The D&M Don't Come Here No More

Passenger rail service was discontinued in the early 1960s before I moved here.  Freight service was maintained until the paper mill, their last customer, closed in 1990.  The tracks in town were pretty much at street level, but they ran on a raised bed out in the country.  I'm not sure when the Greyhound quit stopping in Cheboygan, maybe the 80s or 90s.

 The West Side of town used to flood regularly every spring, but they fixed that with a project before I moved here.  The project consisted of a series of impoundments that caused the water of the Little Black River to back up into pasture land on the edge of town and released it slowly through culverts.  The East Side still gets wet from time to time, I wouldn't call it flooding, more like puddling.  The water table is pretty close to the surface most of the time, and all the septic systems require raised drain fields.  This is a picture of the intermittent marsh in front of our house and was taken about this time of year.  The house itself was built on higher ground, but we still had to haul in three feet of sand to get percolation.  The marsh almost always dries up enough by August that I can mow it to keep it from reverting to brush.  I can remember at least one year that it did not.  It must have been 2017 because this picture was taken in the spring of 2018, and it looks like it wasn't mowed the previous summer.  The water level is lower this year because we didn't have as much snow and the culverts never froze.
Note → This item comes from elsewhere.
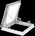 ** Decentraal geplaatste actuator, wat toelaat deze koepel ook als daktoegang te gebruiken. Deze optie wordt standaard geleverd met een sleutelschakelaar (opbouw) ten behoeve van de veiligheid, waarbij we verwijzen naar bediening conform machinerichtlijn 2006/42/EC.
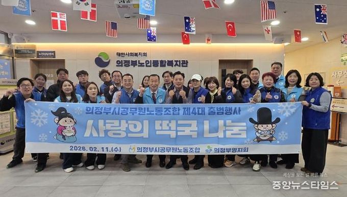 (중앙뉴스타임스 = 방재영 기자) 의정부시공무원노동조합이 출범식을 대신해 지역 어르신을 위한 ‘사랑의 떡국 나눔 행사’를 열고 제4대 활동의 시작을 알렸다.

The State of Michigan has reported almost 10,000 cases now, and almost 400 deaths, and most of these numbers occurred after the lockdown was imposed, which is why I wondered if it was doing any good.  I suppose it would be worse if no action had been taken, but there's no way to know that now.  Most of the cases are in the southern half of the Lower Peninsula, with Detroit being the epicenter.  Today Cheboygan County reported its second case, and Emmet County had its first death.